Paper Structure (21 sections, 20 equations, 5 figures, 3 tables)

This paper contains 21 sections, 20 equations, 5 figures, 3 tables.

Figures (5)

  • Figure 1: Overview of the proposed RGB-based geometric and semantic reconstruction pipeline with embodied metric grounding. Given a top-down RGB video captured by a UAV, VGGT performs feed-forward multi-view geometric reconstruction to predict camera parameters and depth, from which dense 3D geometry is obtained via depth unprojection. In parallel, an adaptive segmentation module generates temporally consistent instance masks that are lifted into 3D to produce a geometry-aligned semantic reconstruction. To resolve the inherent scale ambiguity of monocular reconstruction, relative platform egomotion obtained from onboard state estimation is used to recover metric scale through motion-consistent alignment.
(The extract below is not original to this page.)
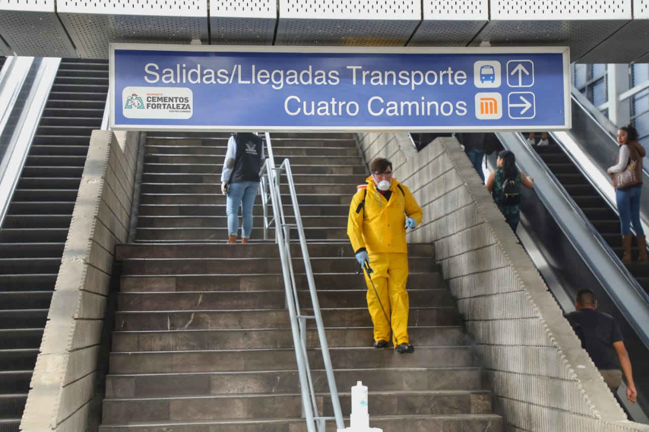 El Gobierno de Naucalpan realizó una jornada de sanitización en las instalaciones del Mexipuerto Cuatro Caminos, por donde diariamente transitan poco más de 380 mil personas.

The resulting metrically grounded geometric-semantic map enables extraction of deployment-relevant targets, including representative 3D centroids (via medoid estimation) and associated per-class confidence scores to be used for downstream traversability and deployment analysis and planning.
  • Figure 2: Experimental Setup: An Integrated aerial–ground robotic system. The DJI Matrice M600 hexacopter carries a compact tracked ground robot and integrates a Livox Mid-360 LiDAR, RealSense camera, and Jetson Xavier NX compute module. Dense LiDAR data are not used in the proposed method.
  • Figure 3: RGB-based geometric and semantic 3D reconstruction from purely top-down aerial views at increasing UAV elevations for two hidden-space inspection scenes: a culvert entrance (left) and a vent system occluded by surrounding structures (right). For each elevation, RGB reconstructions are shown above their corresponding semantic reconstructions for both top-down and ground-level views. Ground-level views also include the camera trajectory. Despite limited viewpoint parallax for overhead observations and higher altitudes, our method maintains consistent ground-level geometry and accurately segments deployment-relevant targets across a wide range of flight altitudes using RGB input only. Semantic mask granularity can be adjusted to capture structures at different spatial scales as required.
  • Figure 4: Visual Results of Traversability mapping. From left to right: RGB-based 3D reconstruction, semantic segmentation, geometric traversability map, and geometric–semantic fusion result. The geometric map assigns high scores to planar regions but partially misclassifies rocky areas due to smoothed geometry. The fusion map assigns low traversability to terrain classes such as rocks and structural obstacles, producing a more conservative and deployment-consistent representation.
  • Figure 5: Deployment location selection and trajectory generation. High traversability regions (green) indicate safe deployment areas, while red regions denote unsafe terrain. Candidate deployment locations (blue) are identified and feasible trajectories are generated from the UAV to the deployment zone.